In HOAs, more "transparency" generally means HOA boards keeping owners informed of their decisions about the common areas and your common assets and how and why they make them. It means whenever possible boards inviting owners to open board meetings instead of meeting in secret behind closed doors (even if permitted by law)

"Transparency" in HOAs doesn't mean boards revealing to the entire community any individual owner's violation of the rules or individual delinquencies.

Please be specific MichaelT, and non-evasive.
MelissaP1 (Alabama)
Posts: 13,836
Posted:
We refer everyone by Lot numbers only. No names. Lot numbers are easily figured out but can take effort. Lot numbers are what we go by.

Former HOA President
MichaelT21 (Arkansas)
Posts: 200
Posted:
Quote:
Posted By KerryL1 on 02/13/2023 5:51 PM
What is being circulated that threatens any individual owner's privacy??? HOW is this info being circulated?

In HOAs, more "transparency" generally means HOA boards keeping owners informed of their decisions about the common areas and your common assets and how and why they make them. It means whenever possible boards inviting owners to open board meetings instead of meeting in secret behind closed doors (even if permitted by law)

"Transparency" in HOAs doesn't mean boards revealing to the entire community any individual owner's violation of the rules or individual delinquencies.

Please be specific MichaelT, and non-evasive.

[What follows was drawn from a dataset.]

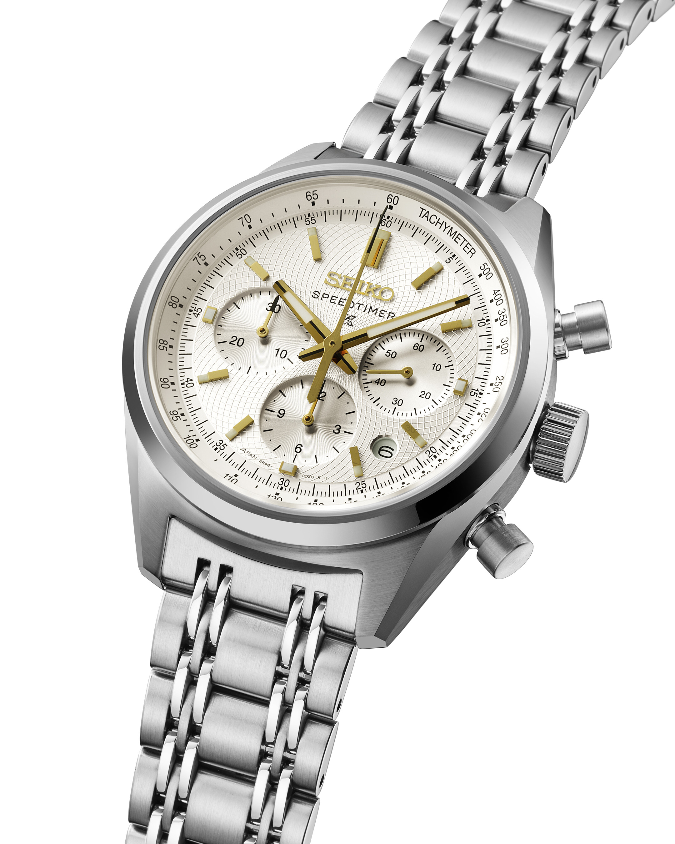 Zlati elementi ob beli številčnici še dodatno poudarjajo prefinjeno eleganco te ure. Ura, oblikovana z dediščino, najde navdih v tekočih dizajnih in elegantno oblikovanih zapestnicah kronografov Speedtimer iz šestdesetih in sedemdesetih let prejšnjega stoletja. Kronograf, ki ga poganja kaliber 8R48, so ročno sestavili najbolj izkušeni Seikovi urarji in zagotavlja visoko natančnost in zanesljivost zaradi inovativnega mehanizma. Njegov zaskočni mehanizem, ki je lahek in močan zaradi tehnologije MEMS, še dodatno izboljša delovanje.

We are single family homes. People have to submit ACC applications for front and backyard renovations. The applications inlcude the names of the contractors and details about the front and backyard renvoation. While fine for presenting at a meeting, I wouldn't want my details about my backyard renovation to be circulated for years afterwards in the community. This isn't public information and I don't think other homeowners have the right to know the name of the designer of a project that I am doing on my private property, just because we have an HOA.
MaxB4
Posts: 3,513
Posted:
Just when I thought I heard it all.
MelissaP1 (Alabama)
Posts: 13,836
Posted:
Would the contractor NOT be "Public" company? Why the need to keep it secret? What if I want to hire them? What if you had problems with them? Would others not like to know who or not to hire? It's weird want to keep this information "secret" considering the people who are doing it should be public business.

Former HOA President
JohnT38 (South Carolina)
Posts: 1,631
Posted:
Quote:
Posted By MichaelT21 on 02/13/2023 8:07 PM
Posted By KerryL1 on 02/13/2023 5:51 PM
What is being circulated that threatens any individual owner's privacy??? HOW is this info being circulated?

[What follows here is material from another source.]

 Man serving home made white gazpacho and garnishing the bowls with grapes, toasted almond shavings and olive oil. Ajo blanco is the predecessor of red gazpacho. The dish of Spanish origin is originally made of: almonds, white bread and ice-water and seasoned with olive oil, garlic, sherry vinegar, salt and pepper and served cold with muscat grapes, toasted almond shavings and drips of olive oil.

In HOAs, more "transparency" generally means HOA boards keeping owners informed of their decisions about the common areas and your common assets and how and why they make them. It means whenever possible boards inviting owners to open board meetings instead of meeting in secret behind closed doors (even if permitted by law)

"Transparency" in HOAs doesn't mean boards revealing to the entire community any individual owner's violation of the rules or individual delinquencies.

Please be specific MichaelT, and non-evasive.


We are single family homes. People have to submit ACC applications for front and backyard renovations. The applications inlcude the names of the contractors and details about the front and backyard renvoation. While fine for presenting at a meeting, I wouldn't want my details about my backyard renovation to be circulated for years afterwards in the community. This isn't public information and I don't think other homeowners have the right to know the name of the designer of a project that I am doing on my private property, just because we have an HOA.

Wow!
KellyM3 (North Carolina)
Posts: 2,239
Posted:
Quote:
Posted By MichaelT21 on 02/13/2023 4:32 PM
We used to do HOA business in a fairly private fashion, now we are being asked for more and more transparency. This means more and more homeowner information is being circulated in our community. We are a community of single family homes and I do not agree with the amount of information that is being circulated around.

How do your Boards maintain homeowner privacy while also being transparent?

Michael,

HOA business, as approved and rejected in open board meetings, should be reported out to dues payers in a manner that's transparent. We post minutes on our website.

Dues payer complaints to the HOA over matters of covenant violations should not be discussed publicly and people reporting alleged violations should not be publicly exposed unless there's a safety or health reason to do so (and I can't think of what that might be).

The dues player who complains about violations is NEVER entitled to updates on whether the violator brings the violation into compliance. The violation is between the HOA and the violator.

HOA contracts with vendors should certainly be accessible to dues payers upon request but I'd not keep contracts publicly exposed.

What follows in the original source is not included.